In the … menu for the sales.csv file, select Load to Tables > New table.
In Load to table dialog box, set the table name to sales and confirm the load operation. Then wait for the table to be created and loaded.

Tip: If the sales table does not automatically appear, in the … menu for the Tables folder, select Refresh.
In the Explorer pane, select the sales table that has been created to view the data.
In the … menu for the sales table, select View files to see the underlying files for this table

Files for a delta table are stored in Parquet format, and include a subfolder named _delta_log in which details of transactions applied to the table are logged.

Use SQL to query tables

When you create a lakehouse and define tables in it, a SQL endpoint is automatically created through which the tables can be queried using SQL SELECT statements.

At the top-right of the Lakehouse page, switch from Lakehouse to SQL analytics endpoint. Then wait a short time until the SQL analytics endpoint for your lakehouse opens in a visual interface from which you can query its tables.
Use the New SQL query button to open a new query editor, and enter the following SQL query:
```
SELECT Item, SUM(Quantity * UnitPrice) AS Revenue
FROM sales
GROUP BY Item
ORDER BY Revenue DESC;
```
Note: If you are in a lab VM and have any problems entering the SQL query, you can download the 01-Snippets.txt file from https://github.com/MicrosoftLearning/mslearn-fabric/raw/main/Allfiles/Labs/01/Assets/01-Snippets.txt, saving it on the VM. You can then copy the query from the text file.
Use the ▷ Run button to run the query and view the results, which should show the total revenue for each product.

Create a visual query

While many data professionals are familiar with SQL, data analysts with Power BI experience can apply their Power Query skills to create visual queries.

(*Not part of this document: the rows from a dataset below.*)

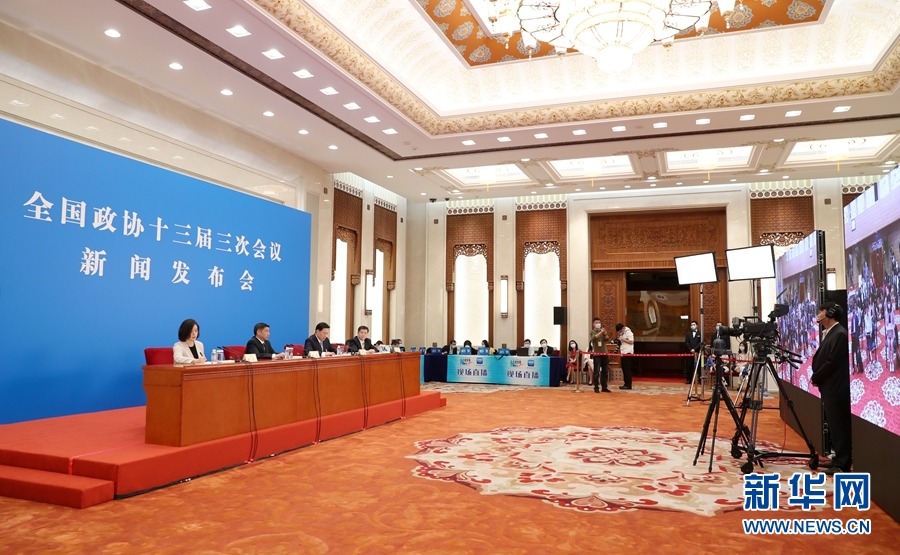 5月20日,全国政协十三届三次会议新闻发布会在北京举行,大会新闻发言人郭卫民介绍本次大会有关情况并回答中外记者提问。图为人民大会堂新闻发布厅现场。新华网 王翰林 摄
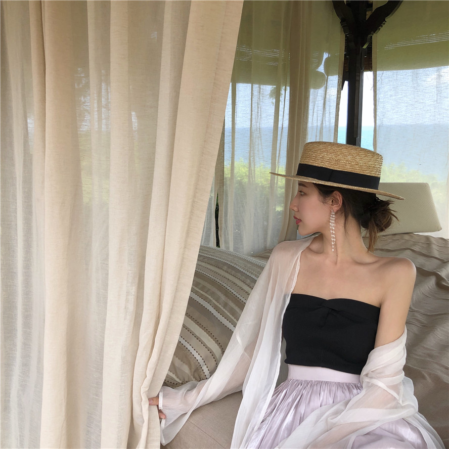 / 2018新款韓版百搭打結抹胸針織背心打底時尚純色復古chic吊帶上衣
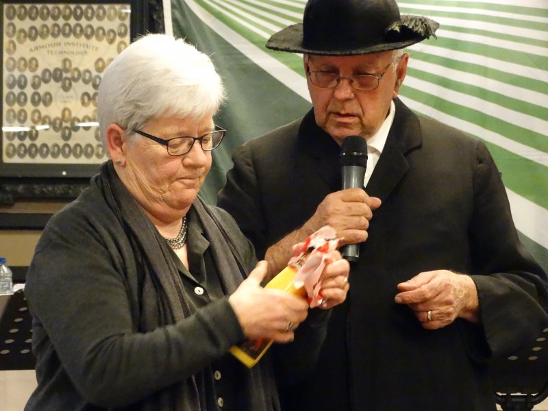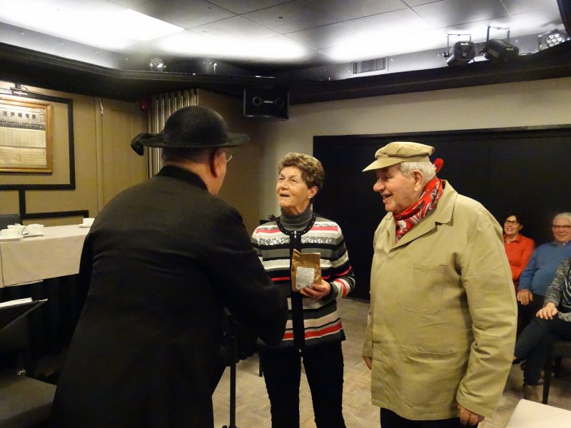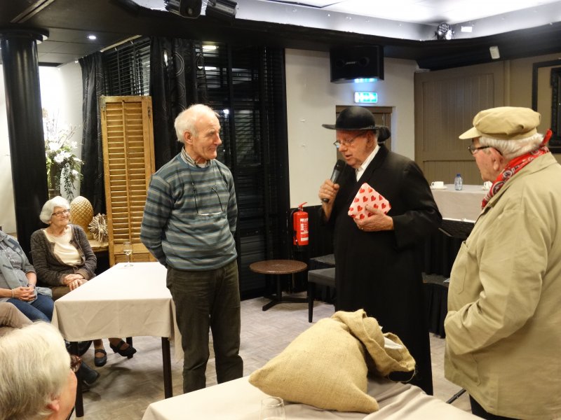 Mvr. Jo Meeuwissen-Timmers won de quiz, die tot slot werd gehouden en zij werd beloond met een dikke kus van René Bastiaanse.

On the toolbar, expand the New SQL query option and select New visual query.
Drag the sales table to the new visual query editor pane that opens to create a Power Query as shown here:
In the Manage columns menu, select Choose columns. Then select only the SalesOrderNumber and SalesOrderLineNumber columns.
in the Transform menu, select Group by. Then group the data by using the following Basic settings:
- Group by: SalesOrderNumber
- New column name: LineItems
- Operation: Count distinct values
- Column: SalesOrderLineNumber
When you’re done, the results pane under the visual query shows the number of line items for each sales order.

Clean up resources

In this exercise, you have created a lakehouse and imported data into it. You’ve seen how a lakehouse consists of files and tables stored in a OneLake data store. The managed tables can be queried using SQL, and are included in a default semantic model to support data visualizations.

If you’ve finished exploring your lakehouse, you can delete the workspace you created for this exercise.

In the bar on the left, select the icon for your workspace to view all of the items it contains.
In the toolbar, select Workspace settings.
In the General section, select Remove this workspace.